Language Models as Classifiers


January 21, 2021

Probabalistic language models can be used directly as a classifier. I’m not sure if this is a good idea; in particular it seems less efficient than building a classifier, but it’s an interesting idea.

A language model can give the probability of a given text under the model. Suppose we have multiple language models each trained on a distinct corpus representing a class (e.g. genre or author, or even sentiment). Then we can calculate the probability conditional on that model and compare them to calculate the class.

Concretely we have language models \(M_1, \ldots, M_k\) each representing a different class, and we want to assign a class to a text T. Then using Bayes’ Rule we have:

\[\mathbb{P}(M_i \vert T) = \frac{\mathbb{P}(T \vert M_i) \mathbb{P}(M_i)}{\sum_{i=1}^{N} \mathbb{P}(T \vert M_i)}\]
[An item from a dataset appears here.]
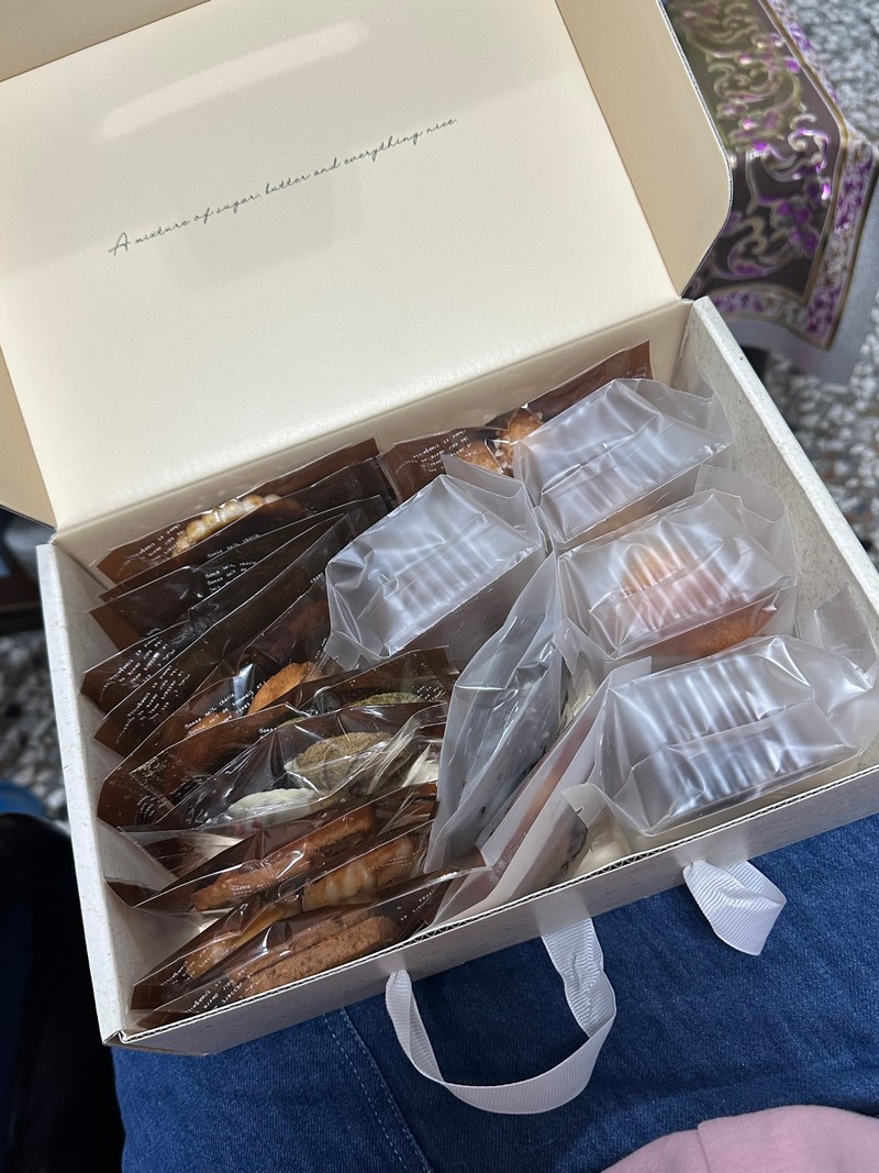 儘管是距離婚期還有一年多的時間,就早已對於備婚的一切極度積(焦)極(慮)的備婚新娘來說,有空檔就是在找各種廠商的路上,在於喜餅的部分,始終就是希望找到既好吃而包裝以鐵盒為主的店家,看遍各種知名以鐵盒販售為主的喜餅廠商,總覺得還是沒法有自己的獨特性,無意間關注到函絮洋一眼就愛上主題及圓盒包裝及客製的內容搭配,一看這就知道我的命定廠商,然而也因時間還早只敢默默的關注著,但因有這活動真心不想錯過這麼優惠的方案而提早申請了試吃,感謝闆娘的貼心小卡更感謝試吃的每一樣產品都不讓我們失望,當天帶回去給長輩品嚐挑選真心獲得極大的讚賞,瞬間一整盒的試吃就一掃而空,只能說要挑選品項就是極大挑戰啦,每一項餅乾及糕點都吃得出用心的感覺,真心推薦喜歡擁有自己獨特性風格又希望這份用心是不會被浪費的備婚同伴們選擇函絮洋,他們一定能提供給你滿意且獨一無二的幸福祝福❤️

So to calculate the class we find the model that maximised the probability of the text under that language model multiplied by the probability of that model being appropriate. Assuming that the classes in the training corpora are representative of the data at inference time this would just be the fraction of all data in that class.

In many ways for an N-gram language model this seems similar to naive Bayes, but requires more effort to calculate and I don’t believe it would give better results. But it’s something worth considering.